* **Work instruction**:
Copy every line below where the string "that" is found.

* **Provided data**:

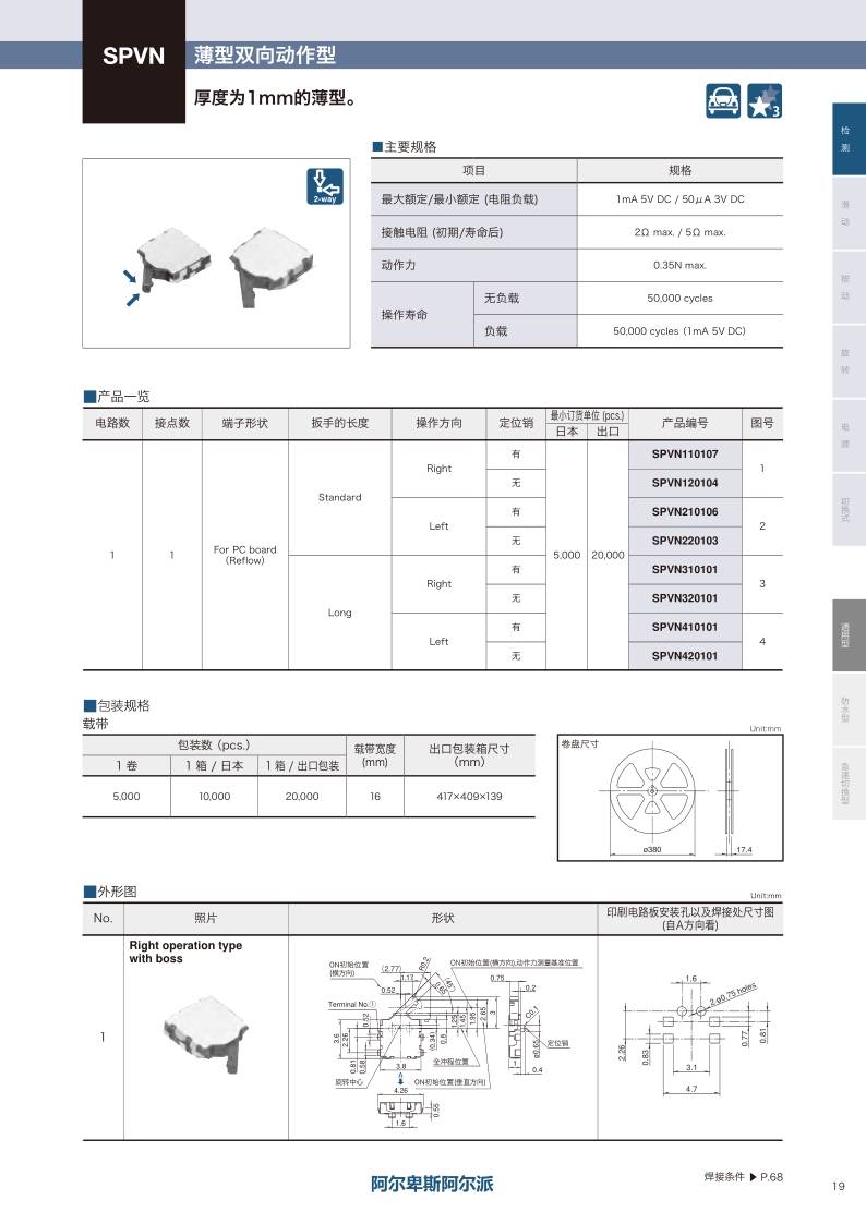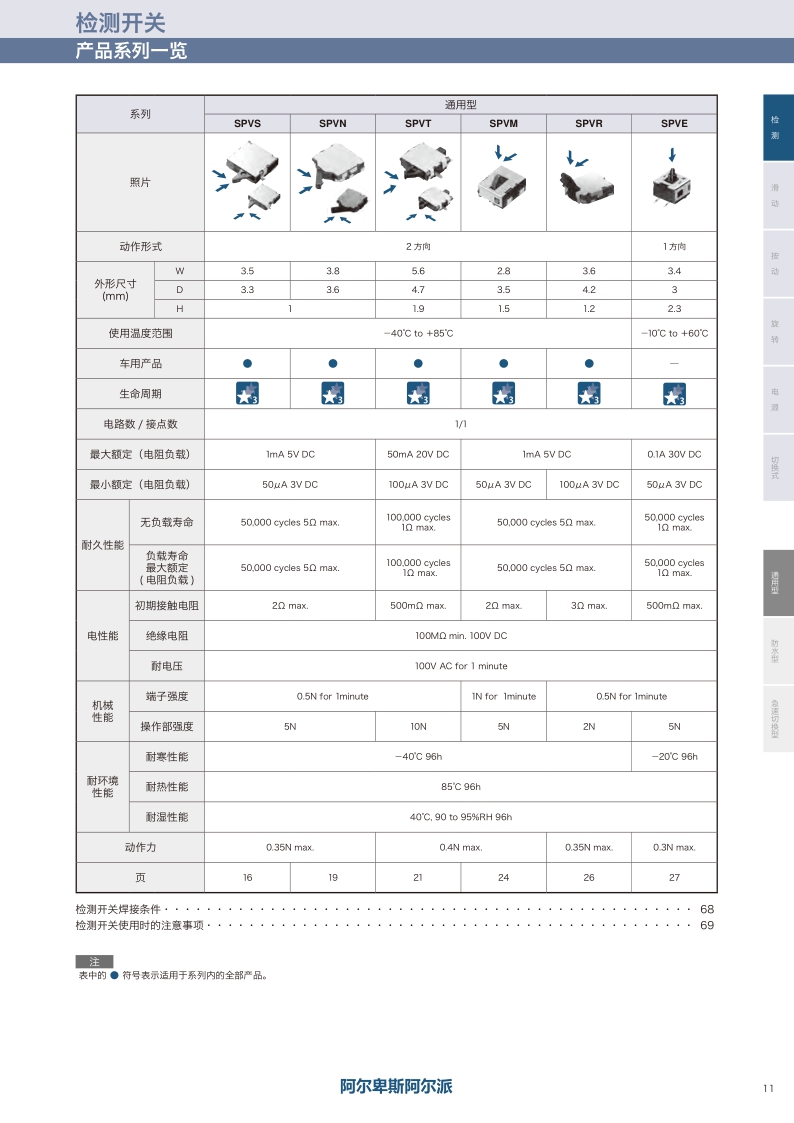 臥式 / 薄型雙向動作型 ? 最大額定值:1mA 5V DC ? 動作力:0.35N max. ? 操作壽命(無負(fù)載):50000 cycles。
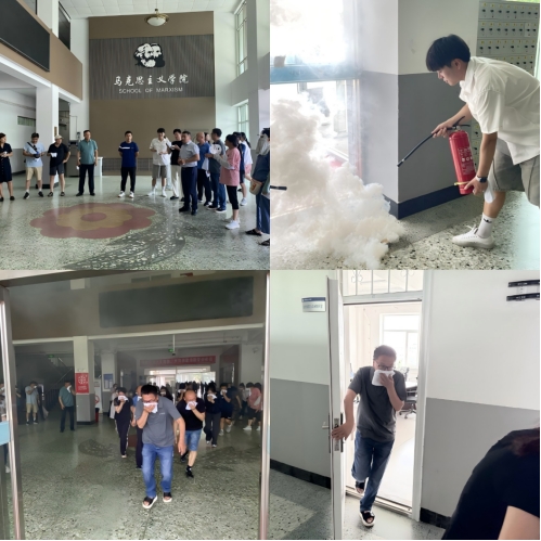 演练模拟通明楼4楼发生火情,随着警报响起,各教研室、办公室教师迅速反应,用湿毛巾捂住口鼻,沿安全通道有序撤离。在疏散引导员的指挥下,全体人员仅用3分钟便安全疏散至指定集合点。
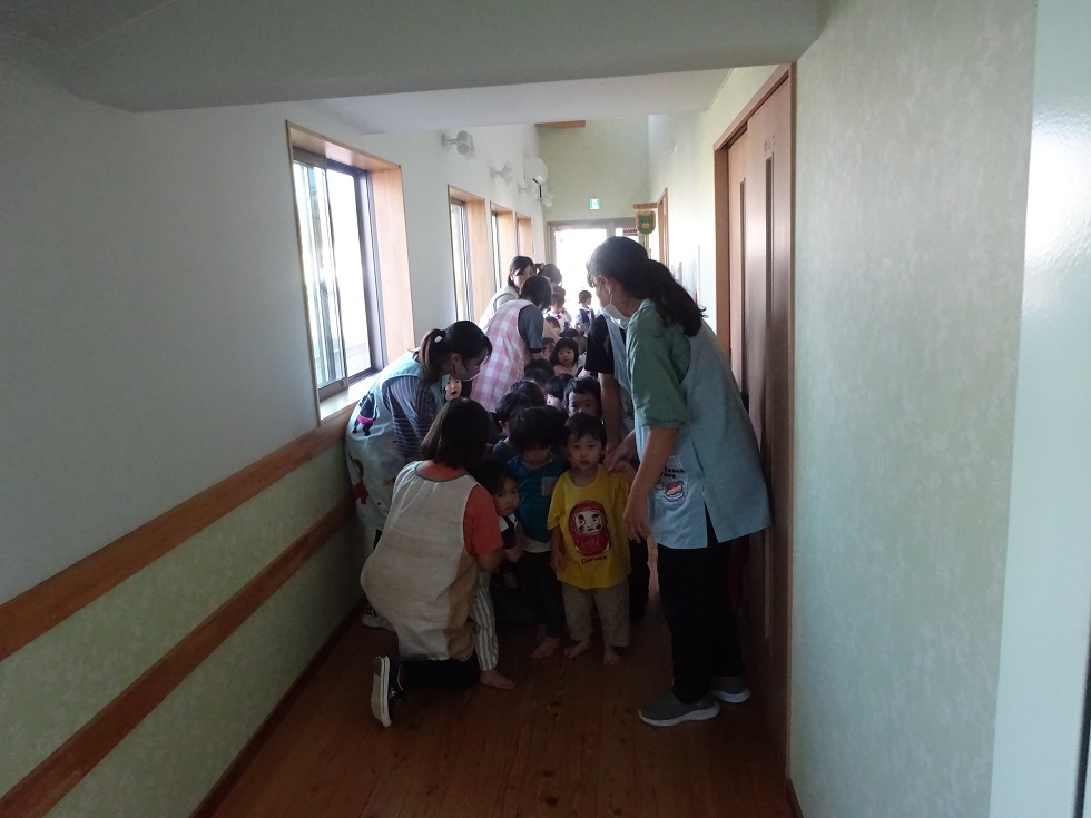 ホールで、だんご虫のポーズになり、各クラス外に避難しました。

...

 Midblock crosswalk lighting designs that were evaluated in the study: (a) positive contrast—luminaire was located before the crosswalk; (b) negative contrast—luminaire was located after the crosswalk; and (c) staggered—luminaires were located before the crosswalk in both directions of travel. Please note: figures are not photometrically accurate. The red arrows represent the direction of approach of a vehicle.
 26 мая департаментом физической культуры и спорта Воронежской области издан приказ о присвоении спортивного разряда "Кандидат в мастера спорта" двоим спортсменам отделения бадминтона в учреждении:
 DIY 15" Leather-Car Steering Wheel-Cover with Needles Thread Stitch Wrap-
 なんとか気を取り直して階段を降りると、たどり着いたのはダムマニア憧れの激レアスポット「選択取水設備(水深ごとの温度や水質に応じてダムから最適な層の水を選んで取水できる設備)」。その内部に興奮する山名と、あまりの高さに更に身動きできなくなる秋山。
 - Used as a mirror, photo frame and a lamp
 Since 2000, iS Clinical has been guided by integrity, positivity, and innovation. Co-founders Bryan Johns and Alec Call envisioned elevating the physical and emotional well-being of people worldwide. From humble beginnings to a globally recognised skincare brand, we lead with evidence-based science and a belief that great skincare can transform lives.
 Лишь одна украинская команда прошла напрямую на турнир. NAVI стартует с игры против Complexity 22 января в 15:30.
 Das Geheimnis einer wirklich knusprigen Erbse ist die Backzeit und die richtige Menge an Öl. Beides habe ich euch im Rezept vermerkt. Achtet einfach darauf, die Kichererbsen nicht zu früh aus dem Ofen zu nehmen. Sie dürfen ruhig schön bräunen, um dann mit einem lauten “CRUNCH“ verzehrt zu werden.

* **Response area**:
 Midblock crosswalk lighting designs that were evaluated in the study: (a) positive contrast—luminaire was located before the crosswalk; (b) negative contrast—luminaire was located after the crosswalk; and (c) staggered—luminaires were located before the crosswalk in both directions of travel. Please note: figures are not photometrically accurate. The red arrows represent the direction of approach of a vehicle.
 Since 2000, iS Clinical has been guided by integrity, positivity, and innovation. Co-founders Bryan Johns and Alec Call envisioned elevating the physical and emotional well-being of people worldwide. From humble beginnings to a globally recognised skincare brand, we lead with evidence-based science and a belief that great skincare can transform lives.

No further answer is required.